→ **TASK OBJECTIVE**
Return all of the data exactly as written, without the pictures.

→ **AVAILABLE DATA**
◆ ◆ ◆ ◆ ◆
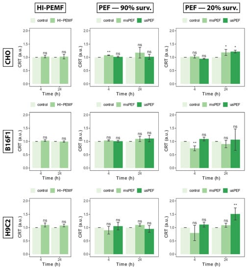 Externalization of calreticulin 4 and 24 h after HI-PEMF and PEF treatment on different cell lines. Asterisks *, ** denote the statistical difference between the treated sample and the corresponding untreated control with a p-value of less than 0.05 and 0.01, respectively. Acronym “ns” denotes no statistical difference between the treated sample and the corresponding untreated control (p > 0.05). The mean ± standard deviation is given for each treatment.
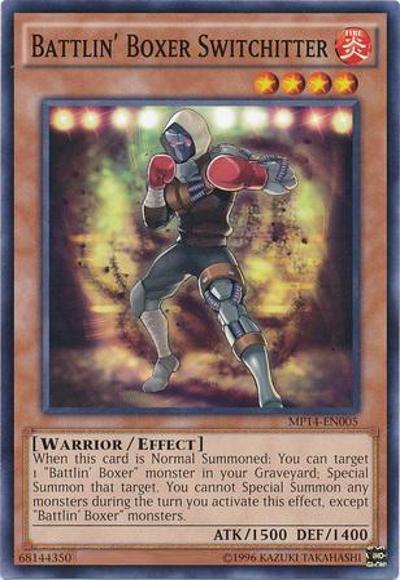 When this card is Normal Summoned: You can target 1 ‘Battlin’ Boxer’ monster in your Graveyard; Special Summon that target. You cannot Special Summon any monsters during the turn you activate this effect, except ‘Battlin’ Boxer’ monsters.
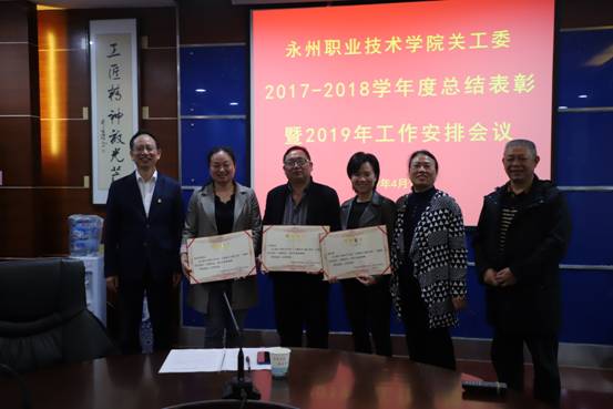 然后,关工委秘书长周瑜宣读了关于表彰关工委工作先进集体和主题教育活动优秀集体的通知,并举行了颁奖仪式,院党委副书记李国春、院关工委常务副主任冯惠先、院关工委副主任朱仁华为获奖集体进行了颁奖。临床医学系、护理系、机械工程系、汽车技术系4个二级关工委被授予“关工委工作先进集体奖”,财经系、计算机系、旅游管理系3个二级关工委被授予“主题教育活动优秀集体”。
◆ ◆ ◆ ◆ ◆
→ **TASK OUTPUT**
 Externalization of calreticulin 4 and 24 h after HI-PEMF and PEF treatment on different cell lines. Asterisks *, ** denote the statistical difference between the treated sample and the corresponding untreated control with a p-value of less than 0.05 and 0.01, respectively. Acronym “ns” denotes no statistical difference between the treated sample and the corresponding untreated control (p > 0.05). The mean ± standard deviation is given for each treatment.
 When this card is Normal Summoned: You can target 1 ‘Battlin’ Boxer’ monster in your Graveyard; Special Summon that target. You cannot Special Summon any monsters during the turn you activate this effect, except ‘Battlin’ Boxer’ monsters.
 然后,关工委秘书长周瑜宣读了关于表彰关工委工作先进集体和主题教育活动优秀集体的通知,并举行了颁奖仪式,院党委副书记李国春、院关工委常务副主任冯惠先、院关工委副主任朱仁华为获奖集体进行了颁奖。临床医学系、护理系、机械工程系、汽车技术系4个二级关工委被授予“关工委工作先进集体奖”,财经系、计算机系、旅游管理系3个二级关工委被授予“主题教育活动优秀集体”。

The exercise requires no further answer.